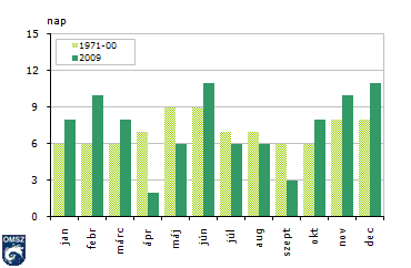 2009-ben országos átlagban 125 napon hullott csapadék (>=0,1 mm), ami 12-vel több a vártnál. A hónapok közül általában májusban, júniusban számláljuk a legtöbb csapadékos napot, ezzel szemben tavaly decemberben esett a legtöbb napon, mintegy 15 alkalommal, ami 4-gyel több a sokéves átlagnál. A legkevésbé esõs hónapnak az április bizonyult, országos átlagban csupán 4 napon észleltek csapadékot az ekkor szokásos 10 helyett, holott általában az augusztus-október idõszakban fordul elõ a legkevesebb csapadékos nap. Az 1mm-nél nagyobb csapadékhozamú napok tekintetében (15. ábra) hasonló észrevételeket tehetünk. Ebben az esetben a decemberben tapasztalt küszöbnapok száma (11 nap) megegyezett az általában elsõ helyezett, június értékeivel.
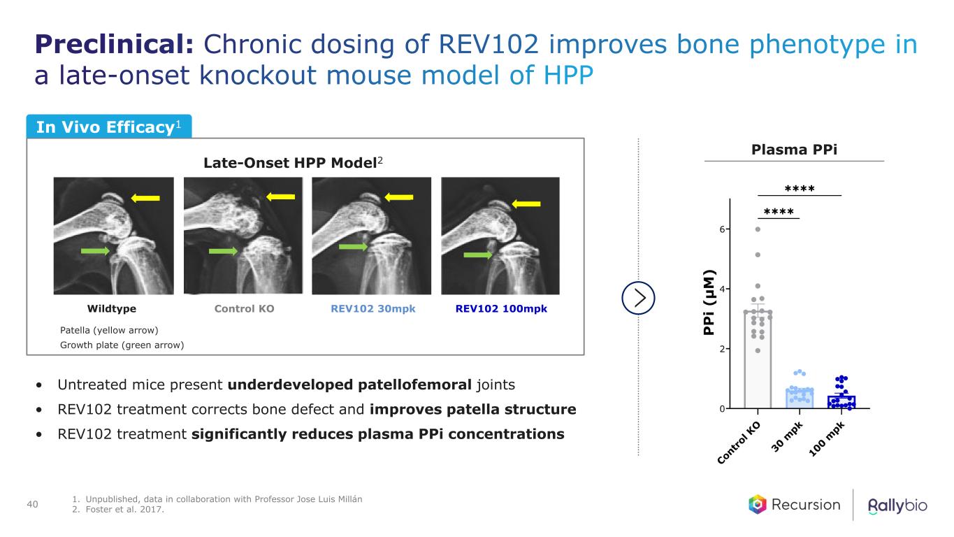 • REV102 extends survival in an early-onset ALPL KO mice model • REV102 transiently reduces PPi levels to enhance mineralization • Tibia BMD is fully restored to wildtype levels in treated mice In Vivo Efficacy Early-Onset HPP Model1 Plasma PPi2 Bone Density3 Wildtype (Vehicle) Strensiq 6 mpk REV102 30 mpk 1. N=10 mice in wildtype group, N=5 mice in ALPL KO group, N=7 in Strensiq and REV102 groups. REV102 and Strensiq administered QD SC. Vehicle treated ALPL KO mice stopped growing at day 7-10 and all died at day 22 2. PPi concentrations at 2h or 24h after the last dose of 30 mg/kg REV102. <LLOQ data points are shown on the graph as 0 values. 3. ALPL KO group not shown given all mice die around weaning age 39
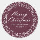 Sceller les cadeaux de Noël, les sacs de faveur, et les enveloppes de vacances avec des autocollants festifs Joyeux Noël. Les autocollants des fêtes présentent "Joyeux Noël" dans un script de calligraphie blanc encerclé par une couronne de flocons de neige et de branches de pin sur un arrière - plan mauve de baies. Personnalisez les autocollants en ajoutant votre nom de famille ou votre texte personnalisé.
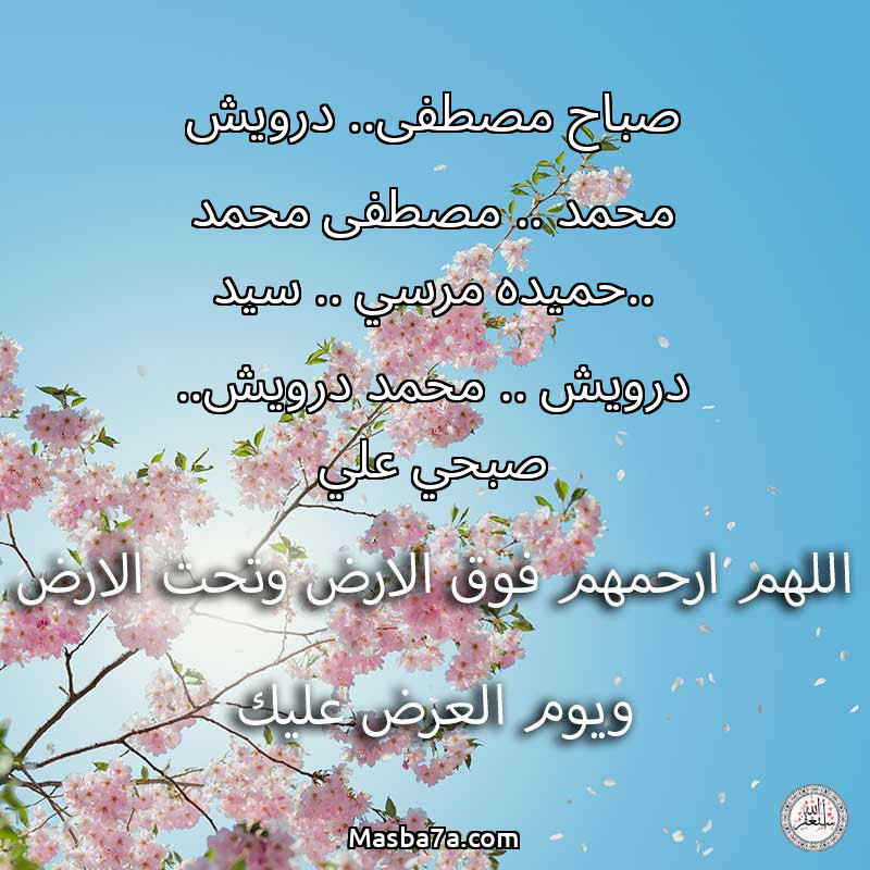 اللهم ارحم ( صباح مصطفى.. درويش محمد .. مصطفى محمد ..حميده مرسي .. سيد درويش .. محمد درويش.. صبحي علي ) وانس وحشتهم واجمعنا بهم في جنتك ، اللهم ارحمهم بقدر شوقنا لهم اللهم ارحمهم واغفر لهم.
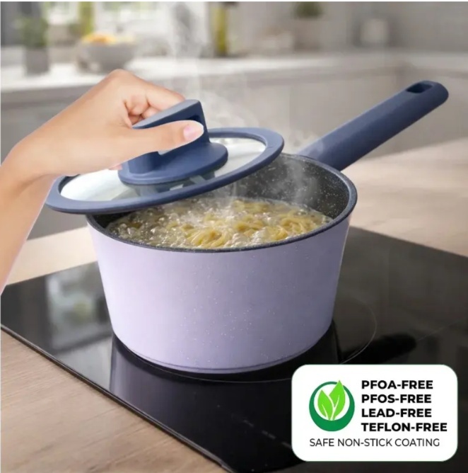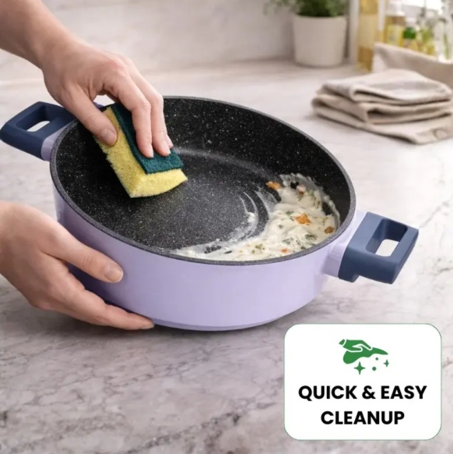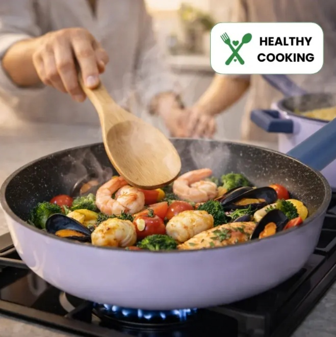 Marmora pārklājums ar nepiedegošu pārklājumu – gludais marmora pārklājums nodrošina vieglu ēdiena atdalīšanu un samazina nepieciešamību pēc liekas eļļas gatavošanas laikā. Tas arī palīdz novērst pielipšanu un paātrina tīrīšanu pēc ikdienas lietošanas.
====================
§ EXERCISE BRIEF: The records above should be repeated exactly, with no pictures in the copy.

§ ANSWER TO THE EXERCISE:
 2009-ben országos átlagban 125 napon hullott csapadék (>=0,1 mm), ami 12-vel több a vártnál. A hónapok közül általában májusban, júniusban számláljuk a legtöbb csapadékos napot, ezzel szemben tavaly decemberben esett a legtöbb napon, mintegy 15 alkalommal, ami 4-gyel több a sokéves átlagnál. A legkevésbé esõs hónapnak az április bizonyult, országos átlagban csupán 4 napon észleltek csapadékot az ekkor szokásos 10 helyett, holott általában az augusztus-október idõszakban fordul elõ a legkevesebb csapadékos nap. Az 1mm-nél nagyobb csapadékhozamú napok tekintetében (15. ábra) hasonló észrevételeket tehetünk. Ebben az esetben a decemberben tapasztalt küszöbnapok száma (11 nap) megegyezett az általában elsõ helyezett, június értékeivel.
 • REV102 extends survival in an early-onset ALPL KO mice model • REV102 transiently reduces PPi levels to enhance mineralization • Tibia BMD is fully restored to wildtype levels in treated mice In Vivo Efficacy Early-Onset HPP Model1 Plasma PPi2 Bone Density3 Wildtype (Vehicle) Strensiq 6 mpk REV102 30 mpk 1. N=10 mice in wildtype group, N=5 mice in ALPL KO group, N=7 in Strensiq and REV102 groups. REV102 and Strensiq administered QD SC. Vehicle treated ALPL KO mice stopped growing at day 7-10 and all died at day 22 2. PPi concentrations at 2h or 24h after the last dose of 30 mg/kg REV102. <LLOQ data points are shown on the graph as 0 values. 3. ALPL KO group not shown given all mice die around weaning age 39
 Sceller les cadeaux de Noël, les sacs de faveur, et les enveloppes de vacances avec des autocollants festifs Joyeux Noël. Les autocollants des fêtes présentent "Joyeux Noël" dans un script de calligraphie blanc encerclé par une couronne de flocons de neige et de branches de pin sur un arrière - plan mauve de baies. Personnalisez les autocollants en ajoutant votre nom de famille ou votre texte personnalisé.
 اللهم ارحم ( صباح مصطفى.. درويش محمد .. مصطفى محمد ..حميده مرسي .. سيد درويش .. محمد درويش.. صبحي علي ) وانس وحشتهم واجمعنا بهم في جنتك ، اللهم ارحمهم بقدر شوقنا لهم اللهم ارحمهم واغفر لهم.
 Marmora pārklājums ar nepiedegošu pārklājumu – gludais marmora pārklājums nodrošina vieglu ēdiena atdalīšanu un samazina nepieciešamību pēc liekas eļļas gatavošanas laikā. Tas arī palīdz novērst pielipšanu un paātrina tīrīšanu pēc ikdienas lietošanas.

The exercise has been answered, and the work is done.